I am really interested in running some actual tests of this proposal. I think it would really help inform some of the design considerations, such as the minimum size of an interest group.

I've spoken with a number of engineers on Facebook's Audience Network team to think about how we could go about designing such a test, and we immediately encountered a few big open questions we need to resolve in order to design an experiment. I'll post about them one at a time to simplify the discussion.

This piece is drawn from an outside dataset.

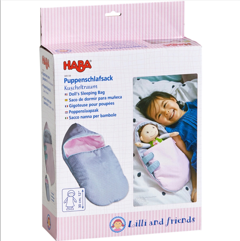 Any doll will feel cozy in this soft sleeping bag. Simply pull the two fasteners open, and your child's little darlings can snuggle up and drift off into the land of nod.

  1. Attribution. Currently, we are able to train machine learning systems by providing them with training data like: "We showed this ad, in this context, to this person and it did/did-not lead to a conversion". With Chrome's proposed Conversion Measurement API this would still be possible. We take large numbers of rows of this type of training data and send it to an ML model to learn. In a TURTLEDOVE world, what attributed conversion data will be available for model training? I assume we would NOT be able to use the conversion measurement API in this context and will only have access to aggregated metrics. If that's the case, what aggregate metrics will we have available for model training? Will the reporting be standardized and automatically generated by the browser, or will we have some degree of control here?

I am not sure what you have in mind, nor am I sure what would be the most useful metrics, but here are some random ideas of potential things one might attempt to measure to kick off a discussion:

  • I served campaign_id = 0x15283750234 when I received a private interest group ad request for an unknown context. It did / did-not result in a conversion.
  • In the last 24 hours, I have served a total of 10,000 advertisements on publisher X via the TURTLEDOVE API. Out of those, 234 of them were ads for advertiser Y. The aggregated reporting API tells me that 14 conversions happened on advertiser Y's website as a result of those 234 ad impressions.
  • In the last 7 days, I have served a total of 100 ads to interest group Z across a variety of publishers. Of those ads, 22 of them were ads for advertiser Y. The aggregated reporting API tells me that 1 conversion happened on advertiser Y's website as a result of those 22 ad impressions.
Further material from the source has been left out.